Today’s mortgage data news offers a mix of positive and not-positive developments.

First, the good news: The Mortgage Bankers Association’s (MBA) Mortgage Credit Availability Index (MCAI) increased one percent to 165.3 in July. All four component indices saw increases last month: the Jumbo and Government MCAIs were both up 1.3 percent, followed by the Conventional MCAI (up 0.7 percent), and the Conforming MCAI (up 0.1 percent).

“The overall credit availability increase in July was driven by an uptick in programs that allow for refinancing among relatively lower credit score borrowers,” said said Lynn Fisher, MBA’s vice president of research and economics. “We observed this trend in both the conventional and government programs.”

Fisher added that the MCAI is being updated to reflect a better measurement of data. “We are redefining our conforming and jumbo indices to be restricted to conventional loan programs only,” she said. “Previously, conforming and jumbo status was determined solely by loan size.  In the new methodology, high balance FHA and VA loan programs are not included in the jumbo category.”

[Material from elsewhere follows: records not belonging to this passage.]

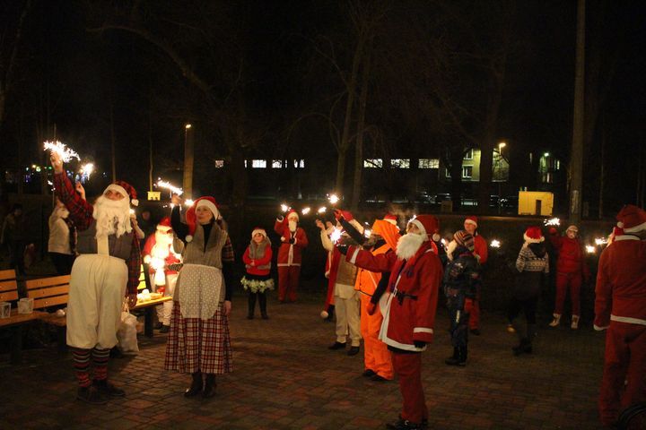 Gaismotā taciņa rūķu darbīgo brigādi veda uz ikgadējo gājienu PII «Karlsons» Tukumā. Paldies bērnu vecākiem, kas pārtapa par rūķiem!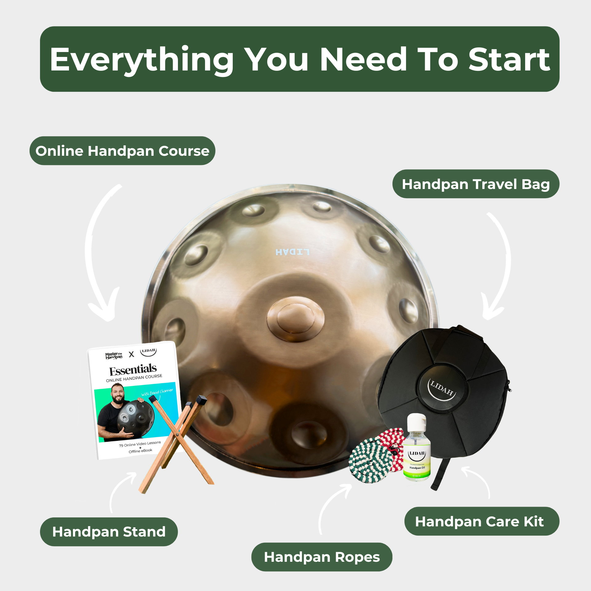 When you order a LIDAH handpan, you don’t just receive an instrument, you receive a complete package to start your journey right away: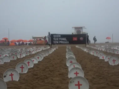 Quem passou pela Praia de Copacabana na manhã deste sábado (16) se deparou com mais de 700 pratos vazios fincados na areia. O ato que pedia o fim da fome no mundo foi uma das duas manifestações realizadas na orla...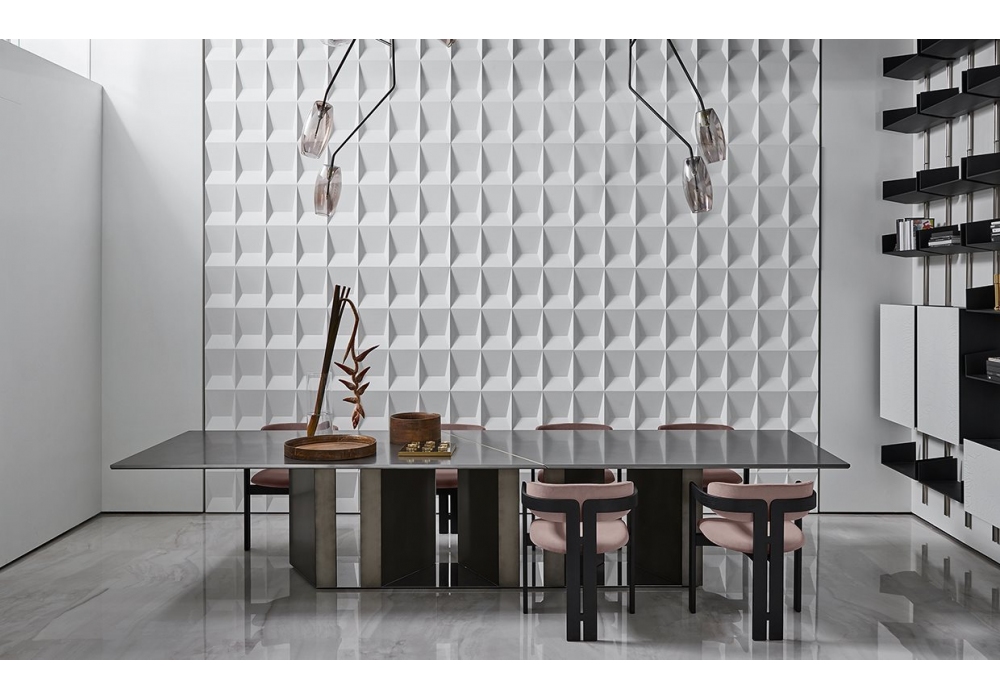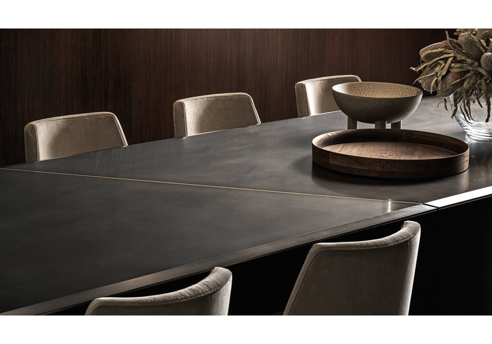 Platium System diseñada por Oscar & Gabriele Buratti para Gallotti&Radice es una mesa con superficie modular en vidrio de 15mm de espesor y base en madera recubierta de vidrio de 6mm de espesor, decorada a mano con exclusivo acabado en bronce antiguo y plomo. También disponible versión con cristal pintado bronce patinado. Importante bisel de 4cm solo en dos bordes de la superficie. Detalle de la unión entre las superficies en latón satinado. Placa debajo de la base en acero inox brillante "supermirror". Versión disponible con base en madera revestida de mármol Sahara Noir, Stardust Grey o Calacatta Vagli Oro de 20mm de espesor.
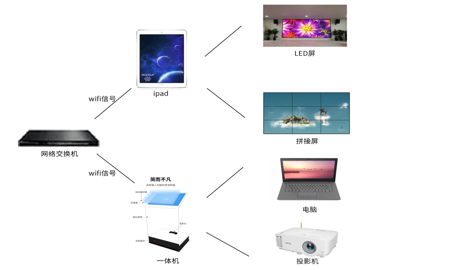 飞屏软件由网络交换机、IPAD、一体机、LED屏、拼接屏、电脑和投影机组成。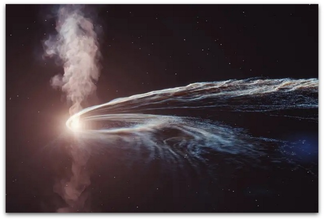 Дека црните дупки сè уште се вселенски објекти за кои знаеме многу малку, потврдува и најновото истражување во кое е откриено дека една црна дупка, оддалечена 650 милиони години од нас, две години откако проголтала ѕвезда, всушност „подригнала“ во титански размери.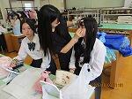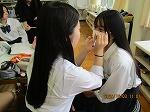 「高校生輝きプロジェクト」として活動する、メイク講師の松﨑さんをお招きして、ファッションショーに向けたメイク講習会を実施しました。

And now, the not-so-special news: Freddie Mac’s Primary Mortgage Market Survey (PMMS) dipped after three weeks of minimal gains. The 30-year fixed-rate mortgage (FRM) averaged 3.43 percent for the week ending Aug. 4, down from last week when it averaged 3.48 percent. The 15-year FRM this week averaged 2.74 percent, down from last week when it averaged 2.78 percent. And the five-year Treasury-indexed hybrid adjustable-rate mortgage (ARM) averaged 2.73 percent this week, down from last week when it averaged 2.78 percent.

“Treasury yields fell last week following both the FOMC's meeting and a disappointing advance estimate for second quarter GDP,” said Sean Becketti, chief economist at Freddie Mac. “Mortgage rates, which had moved up seven basis points over the past three weeks, responded by erasing most of those gains, falling five basis points to 3.43 percent this week for the 30-year fixed-rate mortgage. Mortgage rates have been below 3.5 percent every week since June 30. Borrowers are taking advantage of these low rates by refinancing. The latest Weekly Applications Survey results from the Mortgage Bankers Association show refinance activity up 55 percent since last year."